BYSTANDERS: Kim Pham’s recent murder outside a Santa Ana nightclub shows the inability of society to react during emergency situations.
by Valeria Gutierrez, Staff Writer
All stories feature a prodigious hero or heroine. For the bookworms, Harry Potter and Katniss Everdeen changed the fate of the world within a few pages. For the historians, Tony Mendez, a U.S. Central Intelligence Agency (C.I.A.) exfiltration specialist, saved six politicians from a hostage situation during the Iranian Revolution in 1979. For those who love the classics, a palette surgeonfish named Dory assisted a clownfish she had just met named Marlin across the ocean to find his son Nemo. Three clumsy parapsychologists named Peter, Raymond and Egon joined forces against ghosts in 1984 to answer the famous question: “who you gonna call”? Disney’s hero Hercules started his legendary route to Mount Olympus with his first basic D.I.D. (Damsel in Distress). And let’s not forget one of America’s favorites: a below-average student who touched lives with the simple introduction, “My name is Forrest, Forrest Gump.”
We are naturally compelled to mimic our favorite characters’ admirable traits. Although a few heroes were created from a writer’s imagination, real heroes and heroines live every day, such as police officers, firefighters and doctors. While these professionals react quickly in emergency situations, not everyone has the ability to react so swiftly. Though a person might freeze when faced with danger, there is usually at least one person around to pull him or her to safety in the nick of time.
Unfortunately, for 23-year-old Kim Pham from California, not a single hero was out the night she decided to visit the popular Santa Ana nightclub, The Crosby. According to police, on January 18 around 12:20 a.m., Pham was beaten to death by a group of two men and three women when she accidently walked in front of a camera while the group was taking a picture. The police were able to identify the aggressors through the witnesses and footage that was taken of Pham while she was attacked until she was beaten brain dead. Oddly enough, the footage also shows a group of people who were in line to enter The Crosby surrounding Pham during the incident, and the security guard was reported to have arrived on the scene too late. Disturbingly, Pham was in line with her friends that night but they are nowhere to be seen on the video footage.

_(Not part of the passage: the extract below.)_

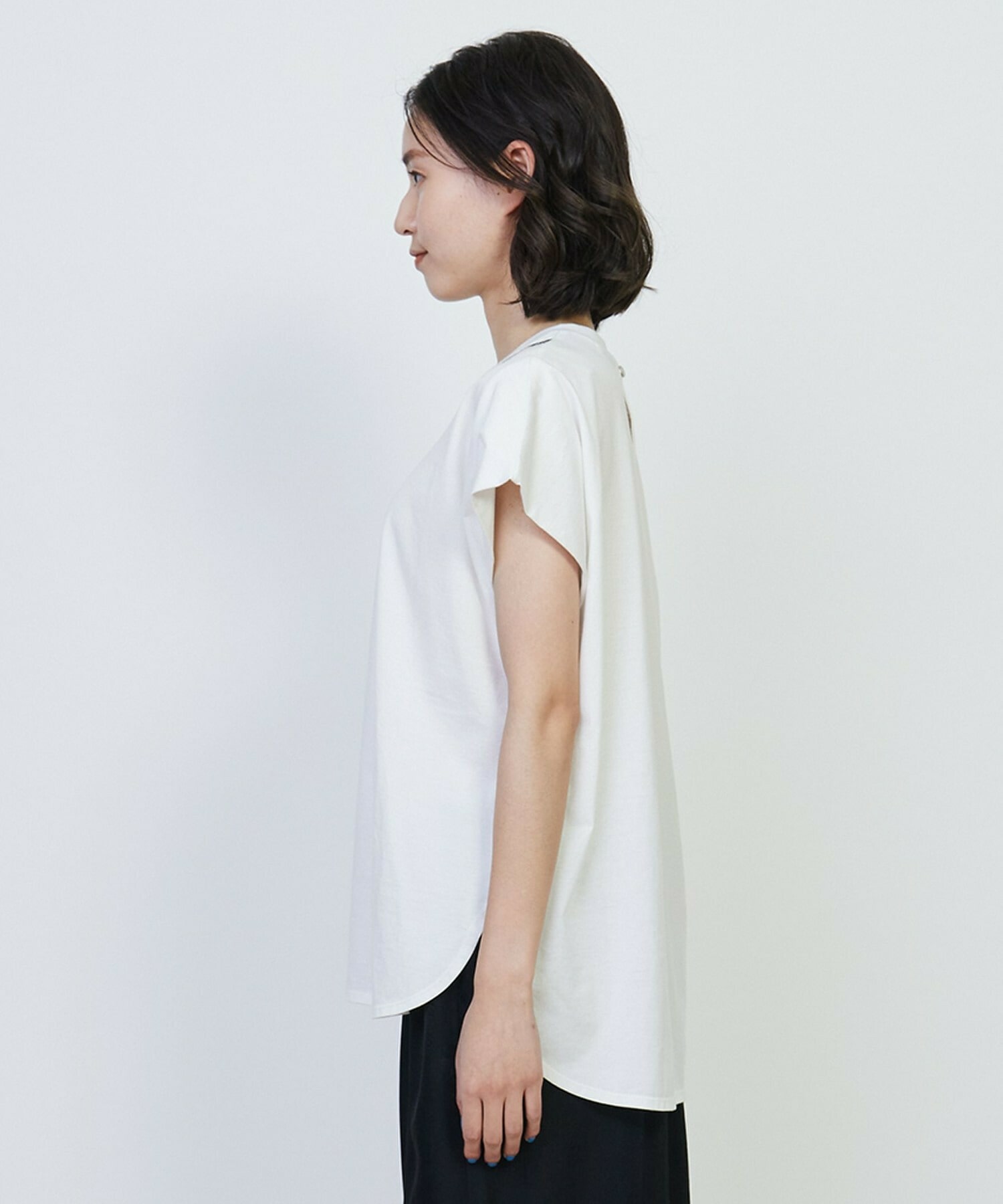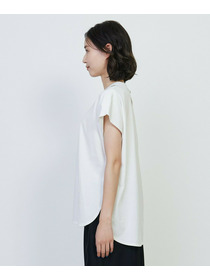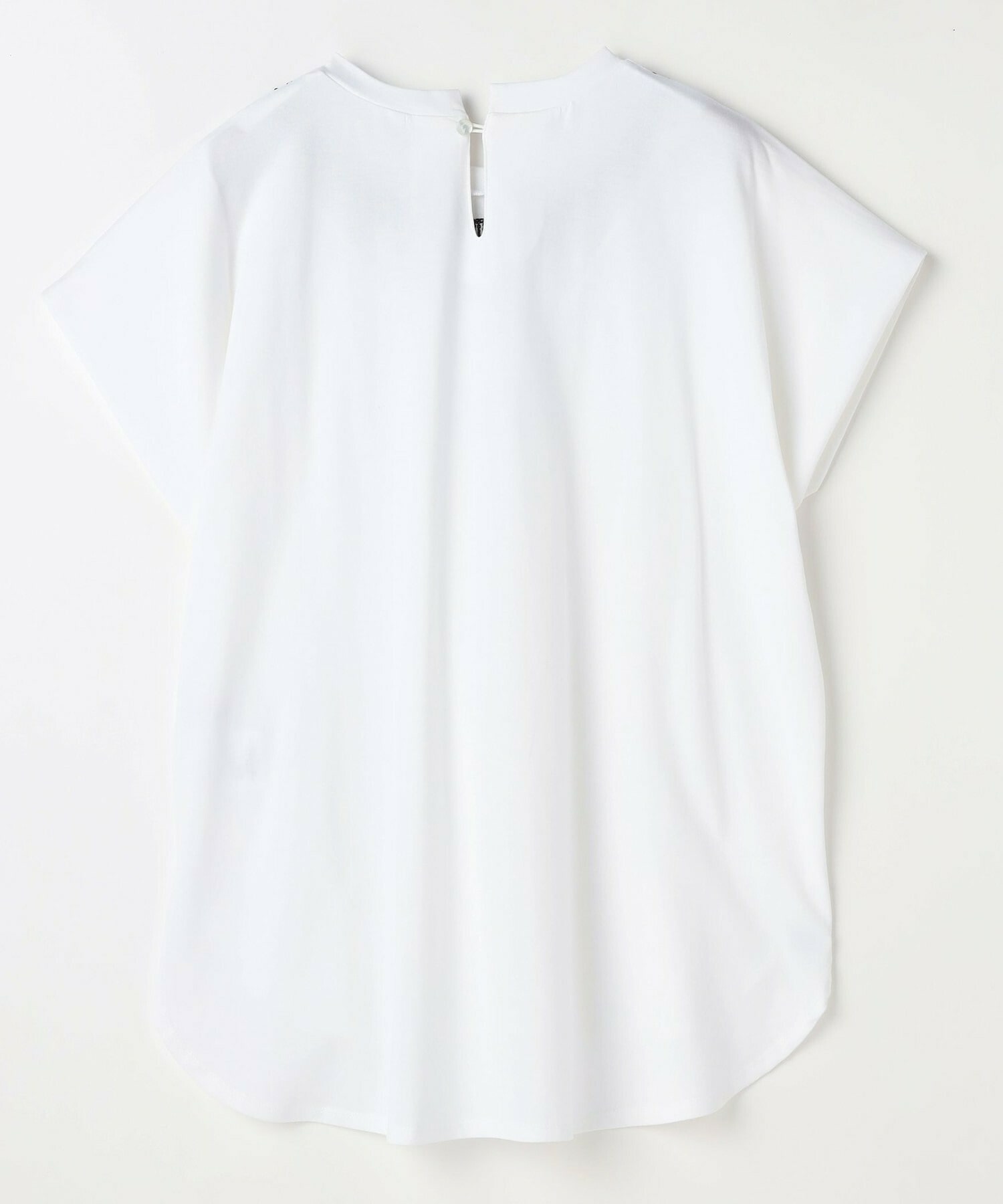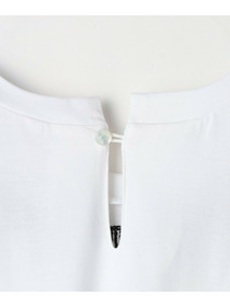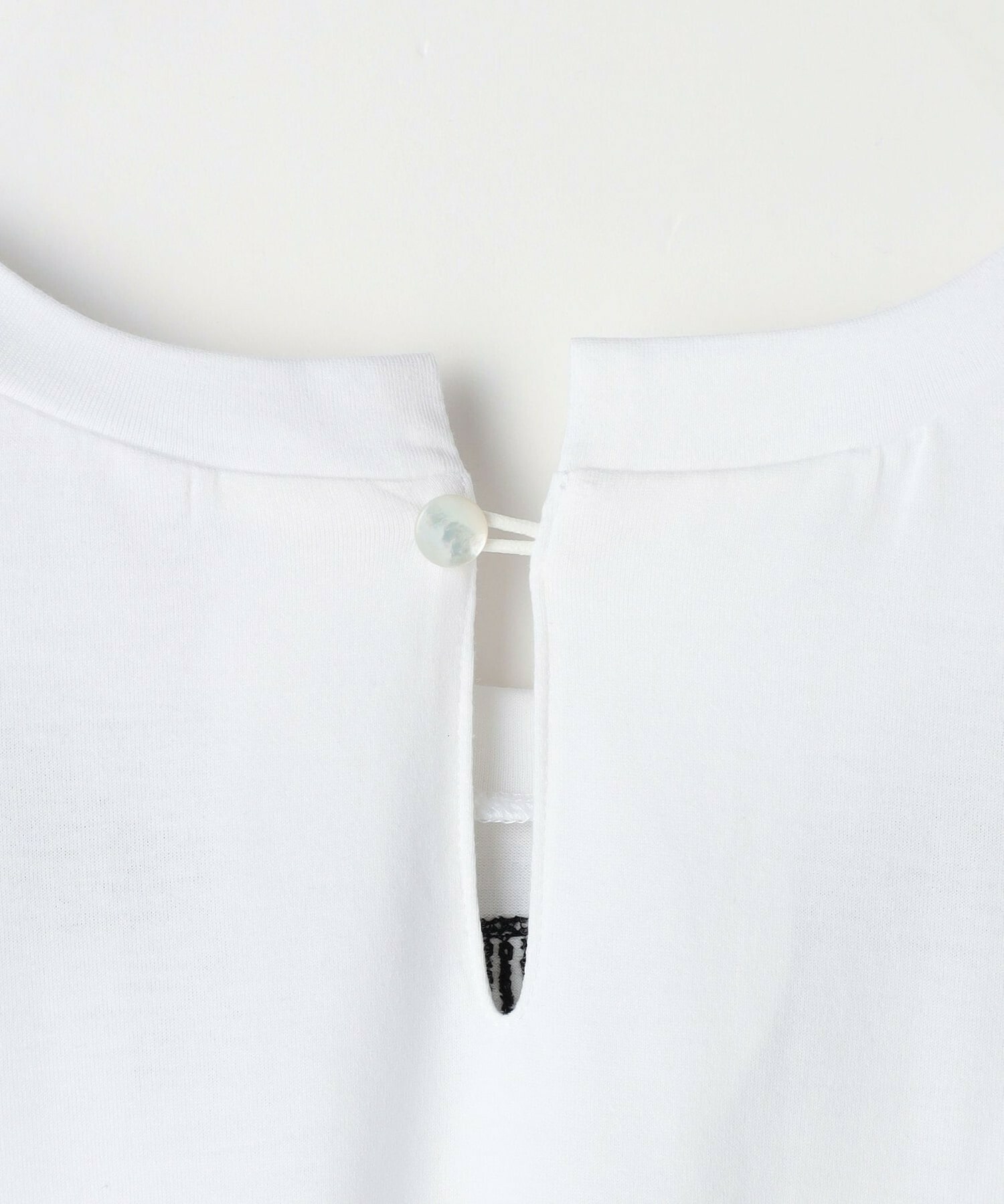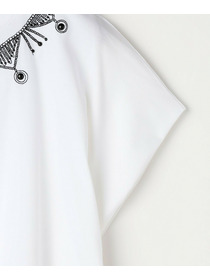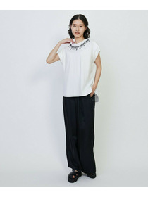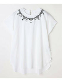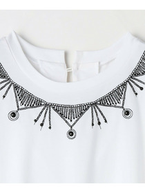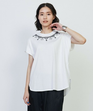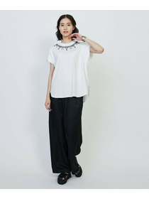 ネックラインに沿って施したネックレスをイメージした刺繍とビジュー使いがキャッチーなTシャツです。

A famous case dealing with observed attacks and murders in which “good” civilians do nothing is the murder of Catherine Susan (Kitty) Genovese in 1964. Genovese lived in Brooklyn, New York and worked as a manager at the time of her mugging, rape and murder by Winston Moseley. Police reports state Genovese had just parked her car and was walking to her apartment nearby when Moseley attacked her. Genovese screamed out for help multiple times. Her neighbors ignored the cries and carried on with their night while the innocent 28-year-old was killed on their street. Neighbor Robert Mozer frightened the murderer by screaming to leave the girl alone but never left the safety of his apartment. Half an hour after the attack, all too late, Karl Ross made the call to the police. Once the story broke out, New York writers gave the incident the honest title “38 Who Saw Murder Didn’t Call the Police.”

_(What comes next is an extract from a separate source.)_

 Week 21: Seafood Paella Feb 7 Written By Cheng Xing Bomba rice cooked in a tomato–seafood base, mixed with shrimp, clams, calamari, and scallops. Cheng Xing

The human behavior of “good” Samaritans doing nothing became known as the “bystander effect.” The bystander effect was researched intensively by John Darley and Bibb Latané in 1968. Darley and Latané concluded that witnesses in emergency situations go through the process of noticing the emergency, interpreting it, determining the degree of responsibility and form of assistance, and then finally executing their determined action. Through this process, the Average Joe has the capability of stepping in or deciding that the emergency taking place is not his problem. The research also found that when more civilians are around the situation, the less likely it is that each bystander is going to take action.

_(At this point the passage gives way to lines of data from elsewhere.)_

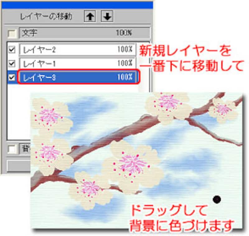背景を色づけます。新規レイヤー「レイヤー3」を作成して、「↓」ボタンをクリックして一番下に移動します。このレイヤーに、絵の具の量を少なめにした「水色」で梅の花と枝の背景を描きます。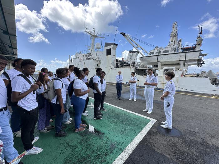 Un navire où l’on peut se sentir à l’étroit, mais qui ne laisse pas indifférente la classe de terminale de défense du Lycée Baimbridge qui a pu le visiter ce lundi.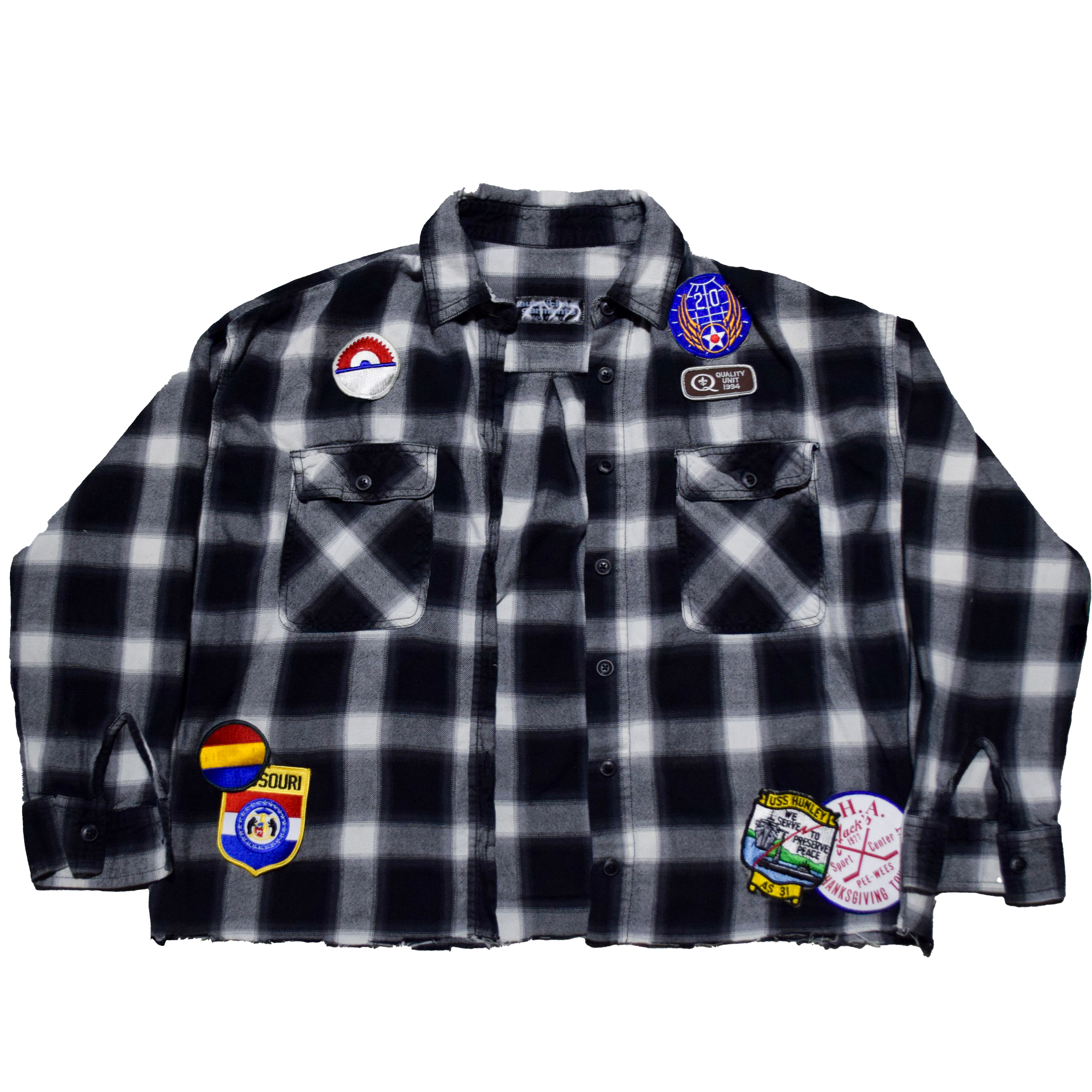 Cut and sewn in Austin, Texas. Brandishing vintage patches from all over the United States of America.

When middle and high school fights break out, the average teenager’s instinct is to form a crowd around the fight and pull his or her camera phone out to get the best shot. Adults have the same reaction in real-world circumstances. Instead of stopping the fight or making an attempt to save the victim, the average person will watch or carry on with his or her day and remain unaffected by the situation. But why? Is society afraid of receiving a black eye and few scrapes and bruises? Or are the people within society scared of what others might think of them? Regardless of what society thinks, no pride is worth watching someone murder a human being.
Who you become as a person starts in high school. If you stand around and watch a student suffer from a fight, you are just as capable of watching slaughter in the future. One person is all it takes to change a life. One person can create a domino effect of bystanders becoming heroes. Plenty of so-called “heroes and heroines” like to think they would take action in a life or death situation. However, the murders of Kim Pham and Catherine Genovese put such expectations into a harsher perspective.